_EXERCISE DETAILS_
In the entries below, how many lines hold the word "campaign"? Answer with the number only.

_Dataset records_
================

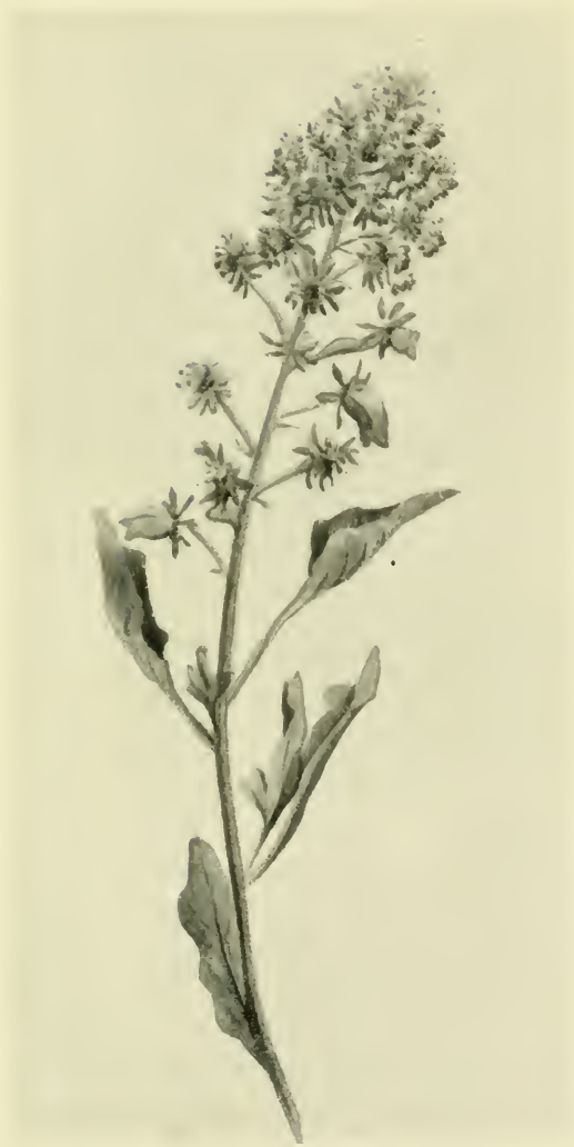
MIGNONETTE ( Reseda odorata ).
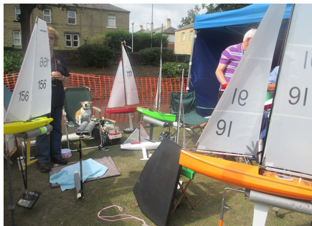
Colourful yachts on display
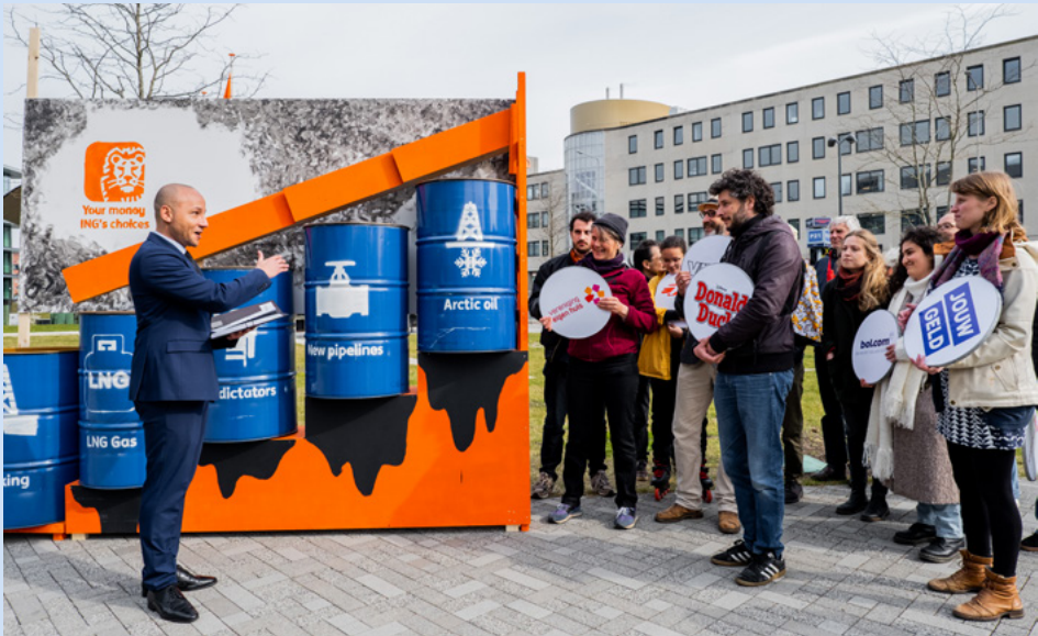
At the launch of the ING Fossielvrij campaign, euros roll into a giant piggy bank made of oil barrels.

We have actively shaped the public discussion on ING's climate policy, on social media as well as in multiple opinion pieces in Het Financieele Dagblad (the Dutch Financial Times). One of these op-eds has led to parliamentary questions. Furthermore, the campaign was covered by Trouw (national newspaper) and Kassa (TV-programme).
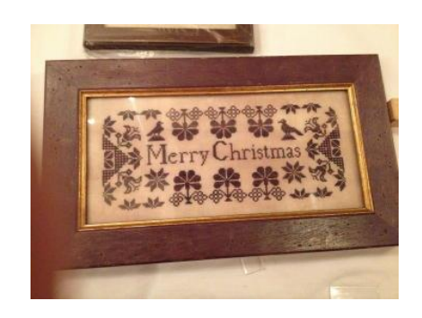
What a great time! What a great group of stitchers!! This was a fun-filled event that we'll always remember!
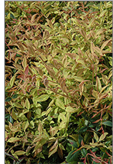
Gulf Stream Dwarf Nandina foliage

================

_TASK RESULT_
2